Kather H
Klinisches Institut für Herzinfarktforschung, Medizinische Universitätsklinik Heidelberg, West Germany.
J Biol Chem. 1988 Jun 25;263(18):8803-9.
Human adipocytes are of limited viability (7 +/- 2% release of lactate dehydrogenase/h) and contain active ectophosphatases which are capable of sequentially degrading ATP to adenosine. At densities of 30,000-40,000 cells/ml, human fat cell suspensions accumulated adenosine, inosine, and hypoxanthine, and their concentrations were 38 +/- 8, 120 +/- 10, and 31 +/- 7 nmol/liter after 3 h of incubation. Dipyridamole (10 mumol/liter), an inhibitor of nucleoside transport, caused a 5-7-fold increase in adenosine accumulation which was reduced by 85% on inhibition of ectophosphatases by beta-glycerophosphate and antibodies against ecto-5'-nucleotidase or alpha, beta-methylene 5'-adenosine diphosphate (10 mumol/liter), respectively, indicating that most of the adenosine is produced in the extracellular compartment. Accordingly, the spontaneous accumulation of adenosine was reduced beyond 5 nmol/liter on inhibition of ectophosphatase activities or removal of extracellular AMP by AMP deaminase (4 units/ml). Added adenosine (30 nmol/liter) disappeared until its concentration approached 5 nmol/liter. Isoproterenol (1 mumol/liter) had no effect on adenosine accumulation regardless whether purine production from extracellular sources was minimized or not. In contrast to adenosine, the concentrations of inosine and hypoxanthine displayed only a modest decrease (30-50%) on inhibition of ectophosphatase activities. In addition, isoproterenol caused a 2-3-fold increase in inosine and hypoxanthine production which was concentration-dependent and could be inhibited by propranolol. It is concluded that the adenosine that accumulates in human adipocyte suspensions is almost exclusively derived from adenine nucleotides which are released by leaking cells. By contrast, inosine and hypoxanthine are produced inside the cells, and the release of these latter purines appears to be linked to ATP turnover via adenylate cyclase.

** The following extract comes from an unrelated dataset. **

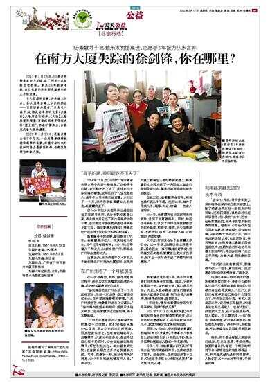 杨素慧寻子26载未果抱憾离世,志愿者5年接力从未言弃 2017年1月23日,50多岁的杨素慧合上双眼,在广州市一家医院与世长辞。终其26年跋涉寻找,这位母亲仍未寻获失踪多年的儿子徐剑锋。

人脂肪细胞的活力有限(乳酸脱氢酶每小时释放7±2%),且含有活性胞外磷酸酶,这些酶能够将ATP依次降解为腺苷。在细胞密度为30000 - 40000个/毫升时,人脂肪细胞悬液会积累腺苷、肌苷和次黄嘌呤,孵育3小时后它们的浓度分别为38±8、120±10和31±7纳摩尔/升。双嘧达莫(10微摩尔/升),一种核苷转运抑制剂,可使腺苷积累增加5 - 7倍,而当分别用β - 甘油磷酸酯以及抗胞外5'-核苷酸酶或α,β - 亚甲基5'-腺苷二磷酸(10微摩尔/升)的抗体抑制胞外磷酸酶时,腺苷积累量减少85%,这表明大部分腺苷是在细胞外间隙产生的。因此,抑制胞外磷酸酶活性或用AMP脱氨酶(4单位/毫升)去除细胞外AMP后,腺苷的自发积累量降至5纳摩尔/升以下。添加的腺苷(30纳摩尔/升)会逐渐消失,直至其浓度接近5纳摩尔/升。异丙肾上腺素(1微摩尔/升)对腺苷积累没有影响,无论细胞外来源的嘌呤生成是否降至最低。与腺苷不同,抑制胞外磷酸酶活性时,肌苷和次黄嘌呤的浓度仅适度降低(30 - 50%)。此外,异丙肾上腺素可使肌苷和次黄嘌呤的生成增加2 - 3倍,且具有浓度依赖性,可被普萘洛尔抑制。结论是人脂肪细胞悬液中积累的腺苷几乎完全来源于渗漏细胞释放的腺嘌呤核苷酸。相比之下,肌苷和次黄嘌呤是在细胞内产生的,这些嘌呤的释放似乎与通过腺苷酸环化酶的ATP周转有关。